In his post, Analytics Literacy is a Major Limiter of Ed Tech Growth, Michael Feldstein argues that there is a lack of basic literacy in the Ed Tech and Learning and Development communities. He points out that analytics is as much about storytelling and sensemaking as it is about data. We intuitively create stories about the data we see, it is the core of hypothesis creation. Through repetitive and progressive testing of hypotheses, we come to trust the story that algorithms tell. This builds analytic literacy.
Feldstein provides several excellent examples of the role of analytic literacy in evaluating student performance based upon logins to software, weather forecasts of precipitation, and the recent US Presidential election. When we lack the literacy to get the story right, we start to distrust the data or the analytics, not our literacy.
If we, as a culture, lack the basic literacy to have clear intuitions about what “a 70% chance” means, then how likely is it that we won’t have shocks that cause us to distrust our learning analytics because we didn’t understand their assumptions and limitations?
He uses the medical community’s move to scientific methodologies a century ago as an example of the transformation that the learning community now needs to undertake regarding analytics and performance. But he also points out that we need to avoid placing all our analytical trust in various technology tools.
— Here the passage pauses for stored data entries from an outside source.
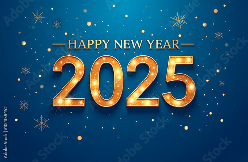 Numbers 2025 in gold on a blue background with snowflakes. Text happy new year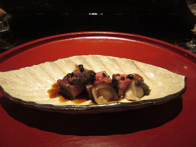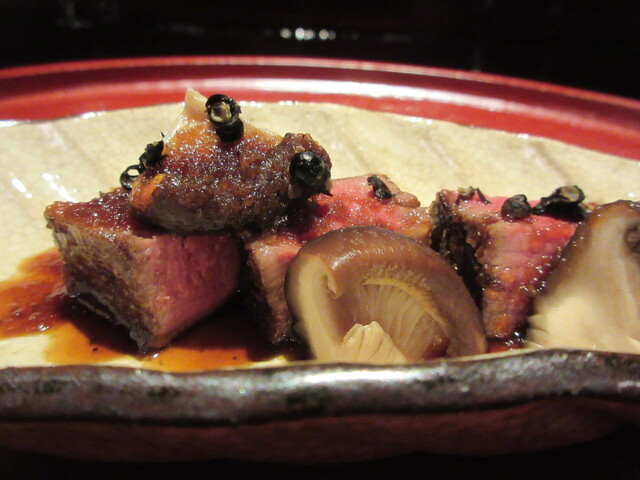 シャトーブリアン(鹿児島)、蒸した椎茸(大分)、生胡椒の塩漬け(宮崎)、リンゴと蜂蜜のタレ。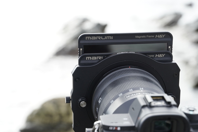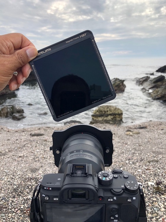 この重ねて使用できるメリットがとても大きいと思います。 PLフィルターを回転させ、位置が決まったらNDフィルターやハーフNDフィルターをホルダーの前面からピタッとマグネットで貼り付けるだけですぐに撮影することができます。
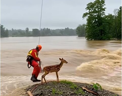 The rescuer, with a harness strapped securely, moved with purpose but also with incredible gentleness. Kneeling in the shallow water, they carefully approached the frightened fawn, a beacon of calm amidst the chaos.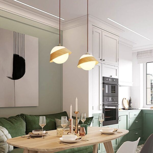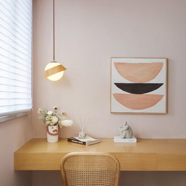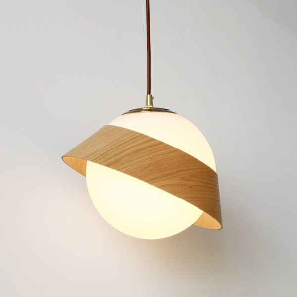 גוף תאורה תלייה מעוצב עדין לשימוש תאורת פנים. מקור אור E27 60W LED MAX. מיוצר מעץ אלון טבעי וזכוכית. זמין בצבע אלון.
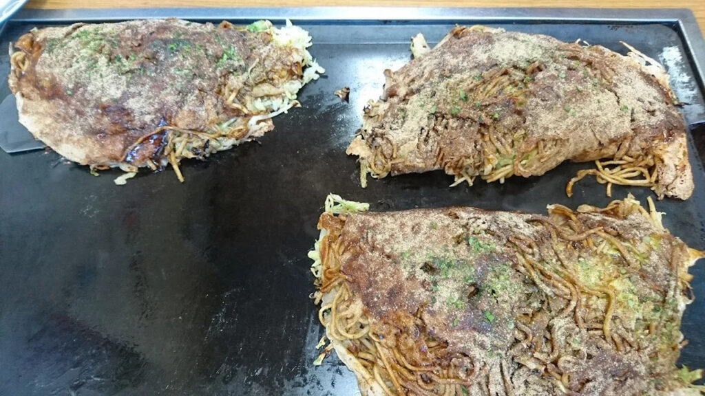 - 麺をソースで味付けしてから生地に乗せる「台付」スタイルは、三津浜焼きならではの美味しさ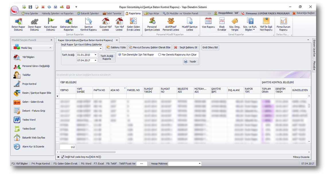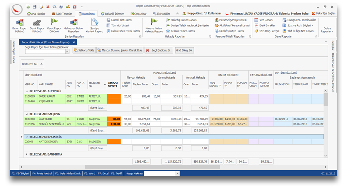 Yapı denetimde çalışan inşaat, belediye, idari, muhasebe gibi tüm birimlerin istediği raporları alabilmesi için kullanılan çok detaylı bir rapor örneğidir. Kullanıcılar kendine göre özelleştirebilir şablonlar ekleyebilirler. Bu rapor sayesinde şantiyeciler vizeleri ve inşaat seviyelerini takip edebilirken; idari birim belediye bazlı yapılmış olan hakediş tutar oranlarını, tahsil edilen ve edilmeyen hak edişler şeklinde; ya da belediye bazlı müteahhit listesini alabilirler. Bu raporda yüzlerce farklı şekilde rapor almanız mümkündür. Örneğin 2016 yılında 1000 m2 altında ruhsat almış işlerinizi belediye bazlı gruplandırarak tek bir tıkla alabilirsiniz.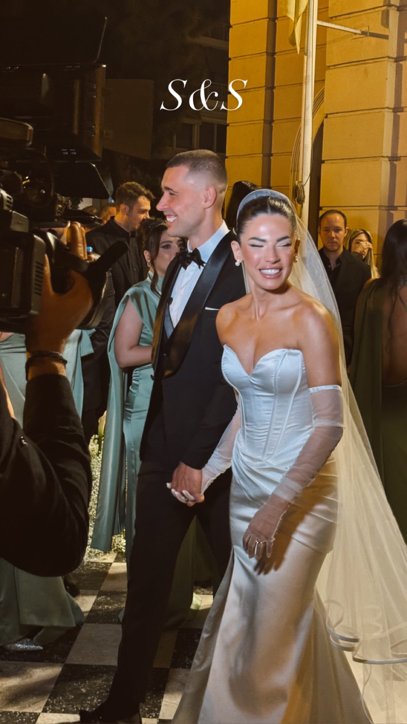 Μετά το «Ησαΐα χόρευε», το ζευγάρι έκανε την έξοδό του από την εκκλησία μέσα σε χαμό από φίλους και κάμερες. Στα stories που ανέβασαν καλεσμένοι και κουμπάροι φαίνεται καθαρά η στιγμή που δίνουν το πρώτου τους φιλί ως παντρεμένο ζευγάρι.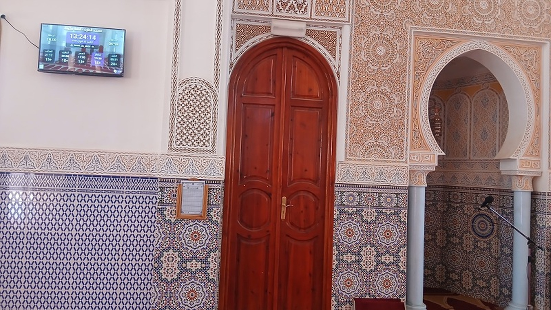 بين الأذان والإقامة ، وبعد كل صلاة ، يتم عرض الأذكار والأدعية. كما يعرض حديث للنبي "صلى الله عليه وسلم" كل 5 دقائق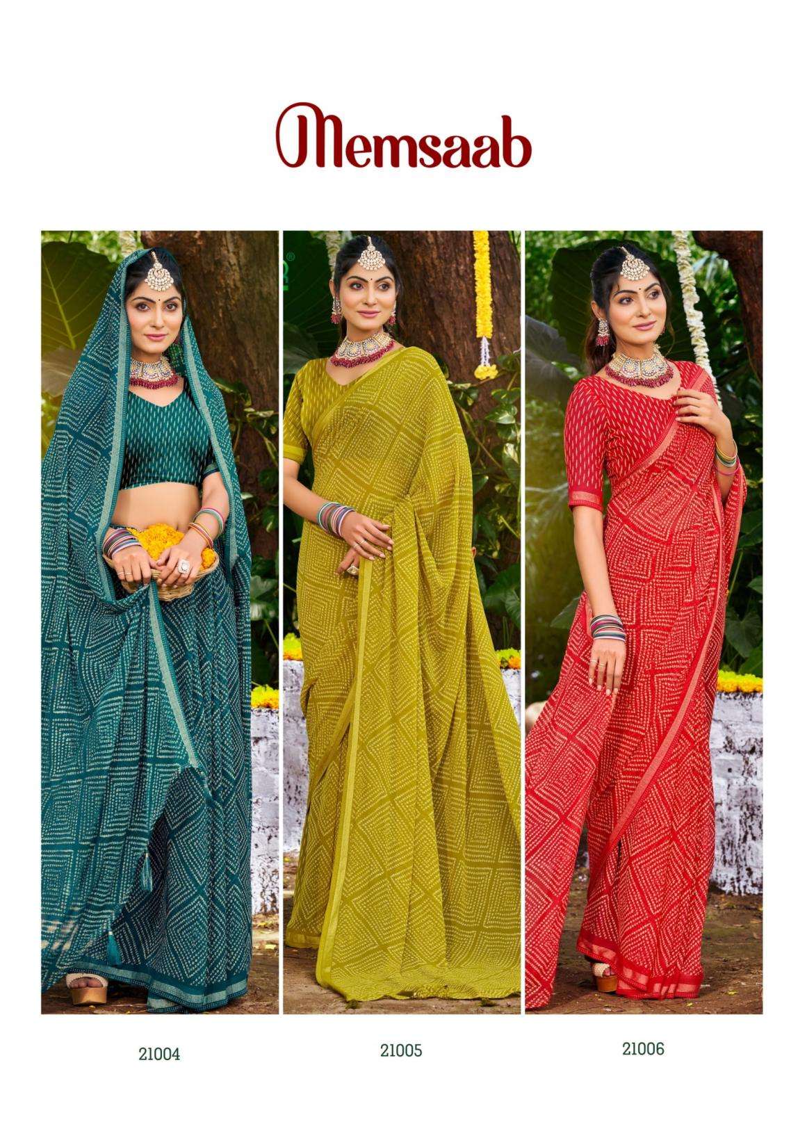 | Name: | Sanskar Tex Prints Memsaab Series 21001-21006 Bember Georgette Wholesale Saree |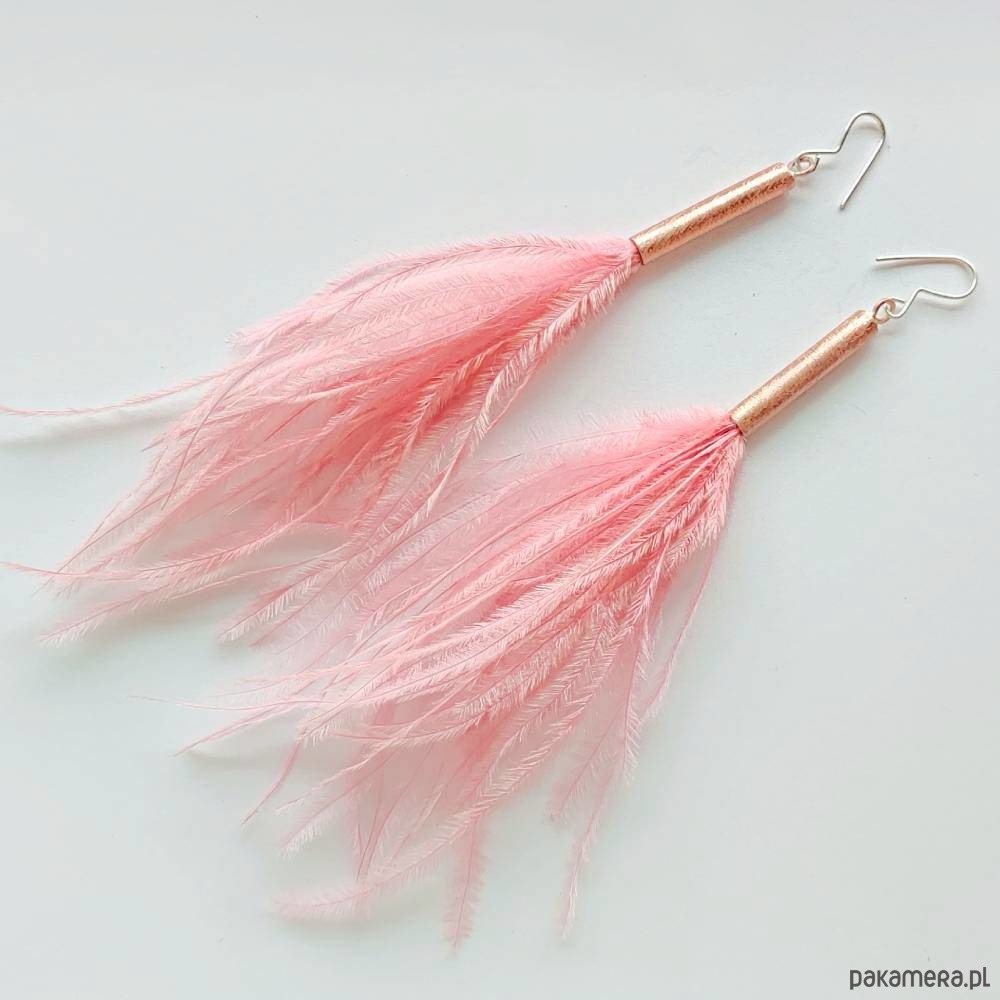 PIÓRKO - stylowy dodatek. Połączenie lekkości piórka i trwałości metalu. Metal niezwykle kontrastuje z naturalnym barwionym puchem. Kolczyki wykonane są z miedzi, naturalnie barwione pióra. Miedź - zmatowiony. Bigle otwarte - srebro pr.925. Długość z biglami - 15 cm.
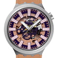 Часы Swatch SB07S119 — это стильный и современный аксессуар для тех, кто ценит лёгкость и комфорт. Часы идеально подойдут как для мужчин, так и для женщин. Эти крупные часы с темно-фиолетовым открытым циферблатом, сквозь который просматриваются элементы ходового механизма, розовыми часовыми отметками и бежевой минутной шкалой смотрятся очень эффектно. Отсчет времени ведут серебристые стрелки – часовая и минутная с эффектом свечения в темноте благодаря люминесцентному покрытиюЛюминесцентное покрытиеПозволяет считывать показания времени в темноте. Производители наносят на стрелки, часовые индексы, безель или поверхность циферблата светонакопительный состав, дающий холодное свечение., а также серая секундная стрелка. Корпус и пушер из нержавеющей стали, матированные методом пескоструйной обработки, выделяются на фоне матового бежевого ремешка с бежевым и светло-розовым тренчиками и стальной полупряжкой. Водозащита 30 метров делает часы практичными для повседневного использования. Эти часы подойдут для повседневного ношения и станут ярким акцентом в вашем наряде.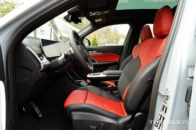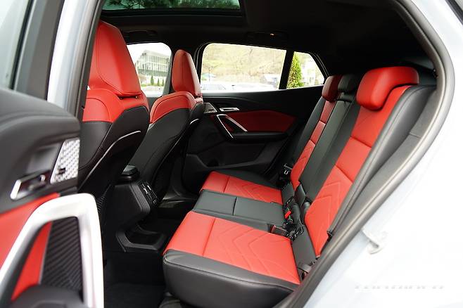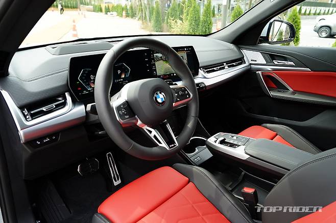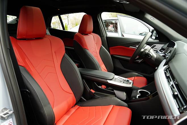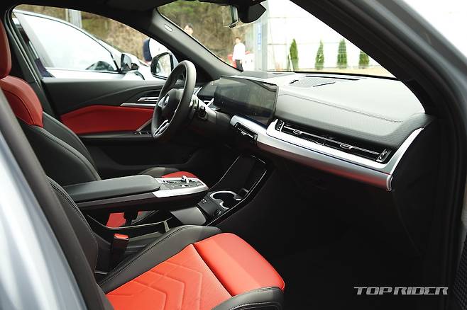 운전석의 시트포지션은 완연한 소형 SUV 구성이다. 디자인만으로는 X2가 X1 대비 전고가 월등히 낮아보이는데, 제원상 수치는 -10mm 줄었다. M 서스펜션을 제외하면 사실상 동일해 1열 공간에서의 착좌감과 공간감은 같다. 쿠페형 스타일을 위해 희생되지 않아 반갑다.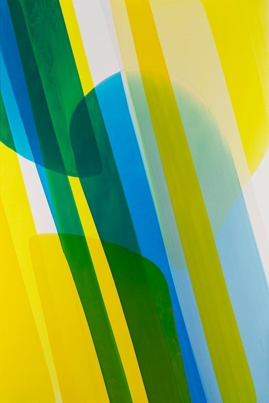 中島麦は京都市立芸術大学を卒業後、現在大阪を拠点に制作活動を続けています。絵画を構成する要素の中でも「動き・奥行き・光」の3つを探求しながら抽象画を手掛けています。近年は、そこに「時間」を表現する試みを行っています。制作過程では筆を使わず、傾け固定したキャンバスに、ビーカーでゆるく溶いたアクリル絵具をゆっくりと流し描きます。重力により滑り落ちていく絵具の物質的な動きを操り、時にはキャンバスを回転させながら、時間をかけて画面上に定着させていきます。絵具を流し、乾かし、さらに別の色を流すという工程を繰り返すことで、いくつもの重力軌道とレイヤーの重なりによる多様な表情を生み出します。
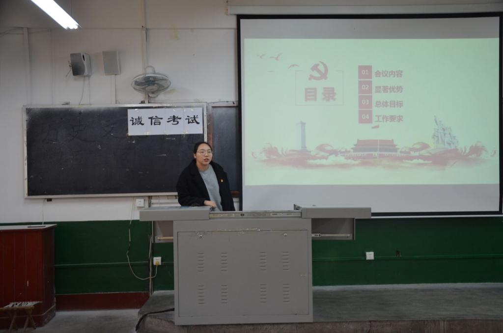 12月27日下午,正妹av 本科生党支部在文史楼411教室举办2019年第四期师哥师姐讲党课活动。2016级公费师范生班的高越同学带领大家共同学习了“十九届四中全会精神”。正妹av 党委副书记兼本科生党支部书记王建阳出席活动。本科生党支部全体党员及部分入党积极分子参加活动。

Using a personal story about a medical issue, he discusses how dependence upon various diagnostic tools didn’t reveal the cause of back pain he was experiencing. It was a doctor touching his back and feeling the benign fatty tumor that was present before he was correctly diagnosed.
He finishes by concluding that the “training of learning and development professionals needs to make a radical change to transform our teaching culture into one of learning science and data science literacy.” While not losing the intuition and observation skills that have propelled our field to date.
I’m not sure that I agree with Feldstein that incorporating learning analytics into our profession is going to take a radical transformation. 15-20 years ago, in the early days of elearning, there were predictions that the advent of online, digital tools would decimate the L&D profession. Which, supposedly was so rooted in brick and mortar, face-to-face training delivery that it wouldn’t be able to adapt.
Well, time has shown the world what we already knew about ourselves, we will adapt in whatever way we need to achieve our goal of helping people learn. In the case of elearning, not only did we adapt, we thrived. We turned the change to our advantage to improve learning across the board.
Analytics, statistics, and Big Data are a bit of a foreign language for most L&D pros, but it fits well with our trained skills of needs analysis and evaluation. We cherish any information that will enable us to design better learning experiences. There will be an additional benefit in that we will be able to demonstrate our link to not only the success of the businesses we work within, but we will resonate more closely with the management culture of our organizations. Our evidence of success will look like their evidence of success. Learning analytics has the promise of finally putting us in a position of being peers among peers in our organizations. That may well be the best carrot for L&D professionals in taking on this new challenge.